Applying Supply/Demand Analysis to Your Investment Decisions

Richard McRae
  • Commercial Real Estate Broker
  • Washington, DC
Posted

The best investment advice I can give to newer investors can be boiled down to one item: PREPARE. One can hardly pull the trigger with any confidence if you don’t know your market well. Without this knowledge, you will persistently close your eyes and flinch as you shoot. As a result, you will only hit your target by chance! This is not the way to stay in the investment game for an extended time. I want to outline one area that is important for you to understand if you want to consistently hit the bulls-eye: the interaction between supply and demand.

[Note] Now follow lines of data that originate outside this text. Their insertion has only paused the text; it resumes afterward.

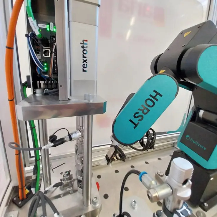 La station d’assemblage CERAFLEX est composée d’un robot six-axes de Fruitcore Robotics et de la presse électrique Smart Function Kit Pressing de Bosch Rexroth. Cette presse permet la mise en œuvre simple et rapide de différentes opérations d’assemblage mais aussi de fonctions de mesure. Le sous-système mécatronique Rexroth comprend en effet des composants préconfigurés et coordonnés de manière optimale ainsi qu’un logiciel d’exploitation préinstallé.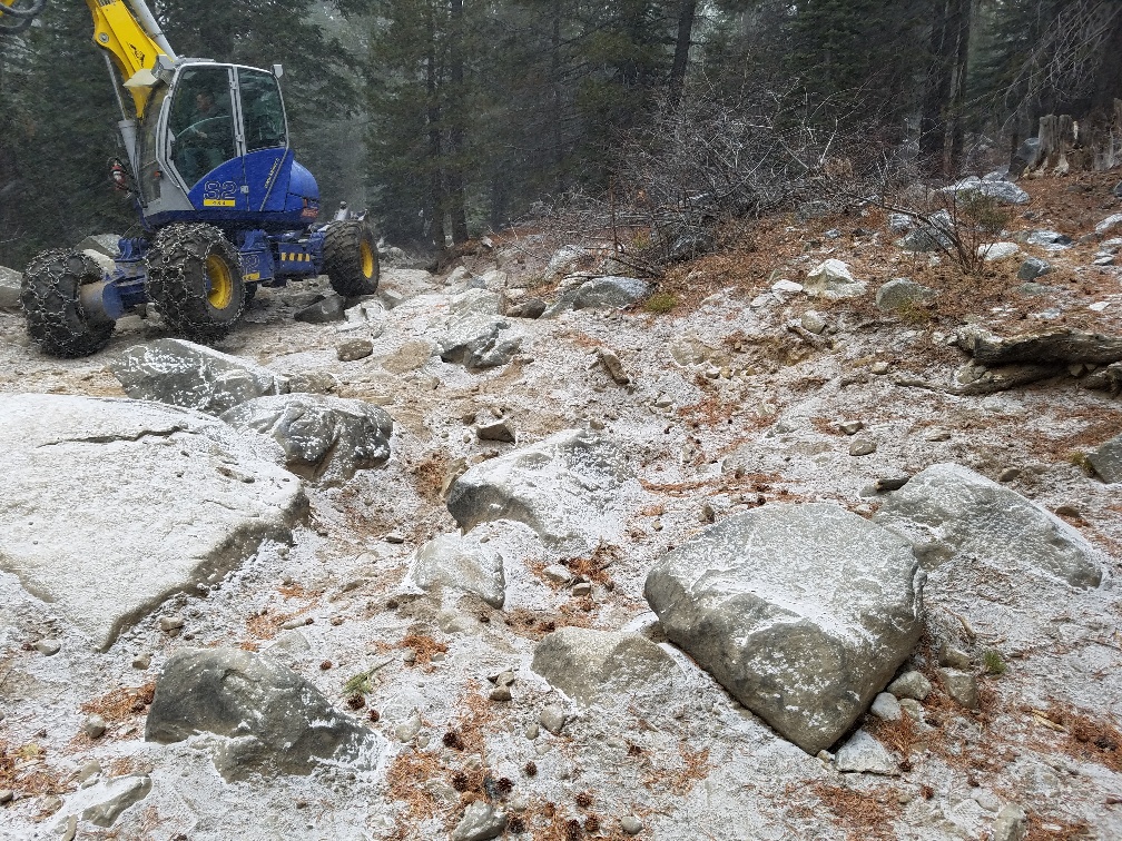 On Monday, just days after this MOU was signed, Joe Chavez, of the Tahoe National Forest, contracted a Spider Excavator to go out to Cadillac Hill to perform trail maintenance.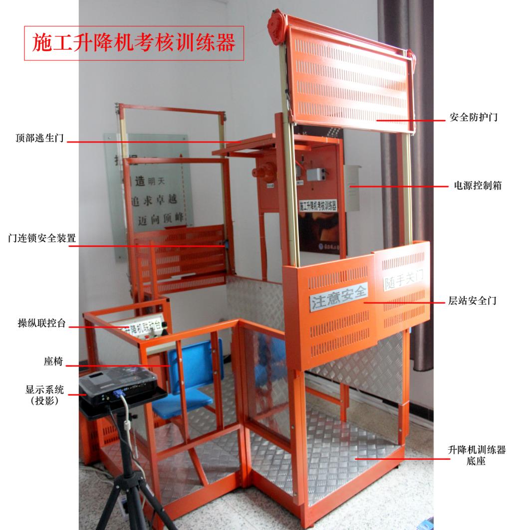 施工升降機(jī)模擬教學(xué)設(shè)備由軟硬件構(gòu)成。 軟件部分有:引導(dǎo)訓(xùn)練、自由訓(xùn)練、操作考核、視頻播放、文檔資料、理論考核等內(nèi)容;硬件采用與真機(jī)完全相同結(jié)構(gòu)進(jìn)行設(shè)計(jì)生產(chǎn),包括:安全防護(hù)門、原裝聯(lián)動(dòng)臺(tái)、上下限位器、安全防墜器、顯示系統(tǒng)等配件,其操作步驟和真機(jī)操作完全一致。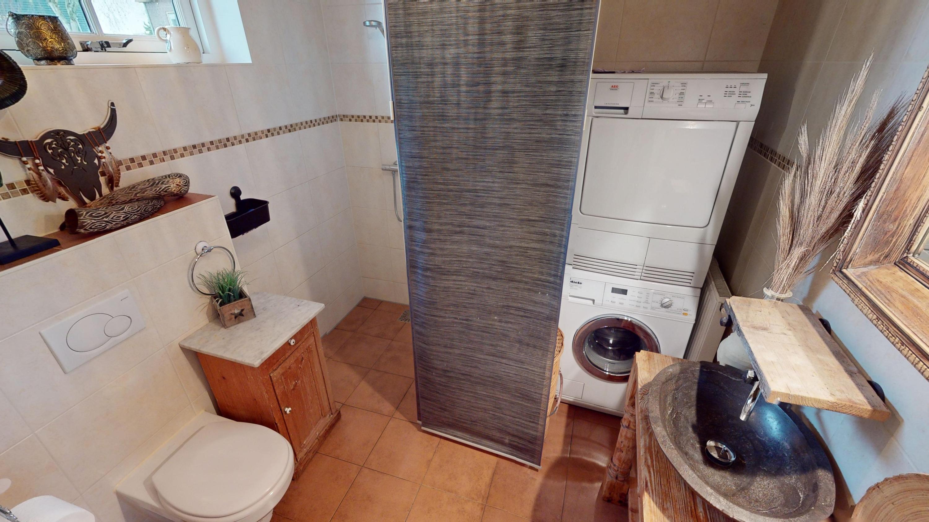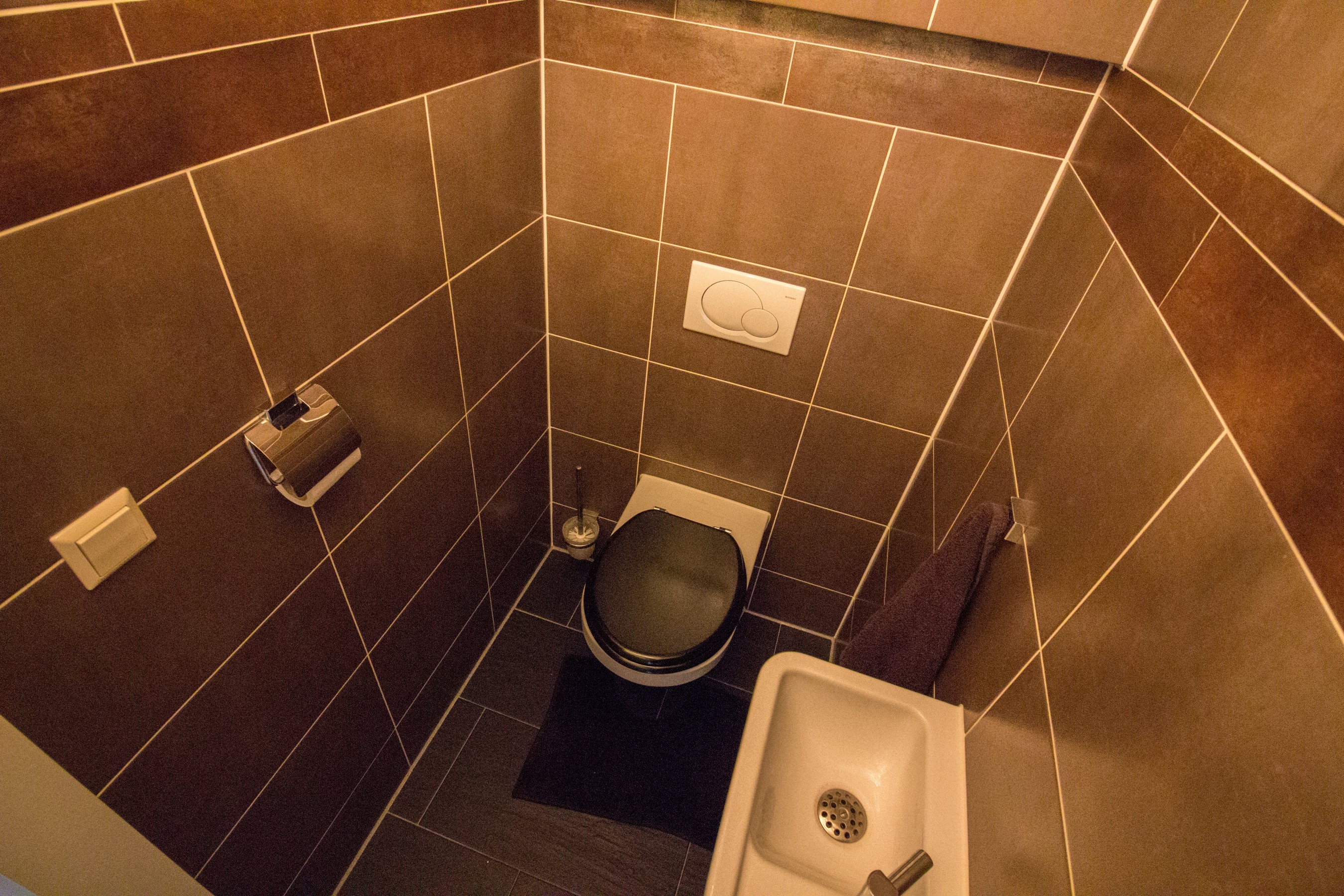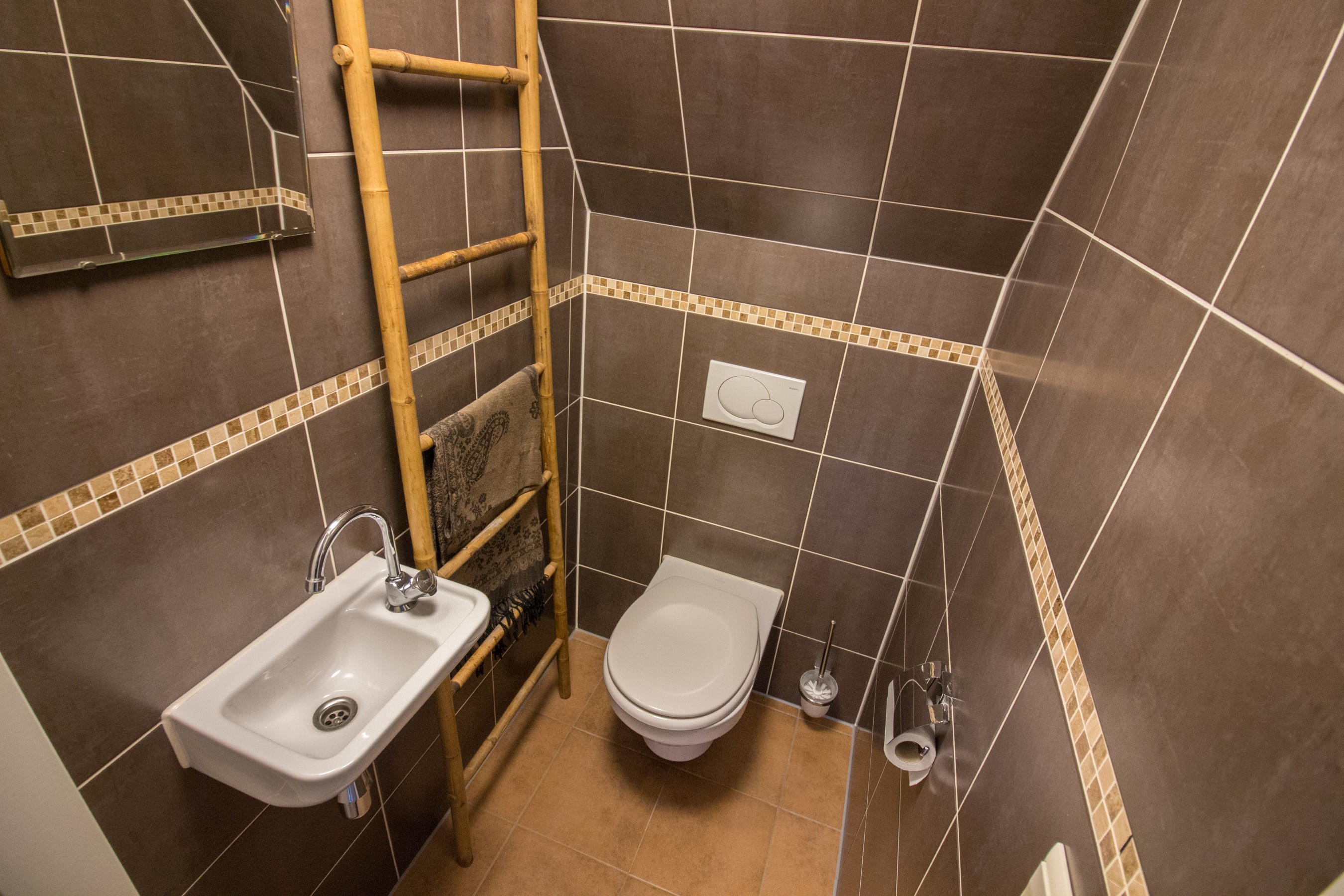 Entree hoofdgebouw: via de entree aan de voorzijde komt u in de ruime hal met garderoberuimte, toiletruimte en meterkast. Via deze hal kunt u de 1e verdieping bereiken en een slaapkamer/bijkeuken op de begane grond. De moderne toiletruimte is volledig betegeld en voorzien van een hangcloset en een fonteintje.

Understanding the balance of supply and demand is critical to making informed decisions. Vacancy rates, rent changes, and values, hinge on this interaction. A number of factors must be considered – most fall under two broad categories: supply changes and demographic shifts. 

I won’t try to illustrate all of the forces at work between supply and demand, but I want to provide an introduction to the evaluation of the interaction between population growth (demand) and multifamily starts (supply). Note, I used free data sources in the following example, but there are a number of very good apartment market data sources. A very good demographic source is ESRI. ESRI provides data for virtually any search parameter. An individual report is $50 and could be one of the best investments you make in your underwriting. A couple of apartment data resources are REIS and Pierce Eislen. REIS is the most comprehensive and provides supply analytics, market research, rent comparable information, etc. Pierce Eislen has good rent and sale data, contact information for comparables, and other market level data.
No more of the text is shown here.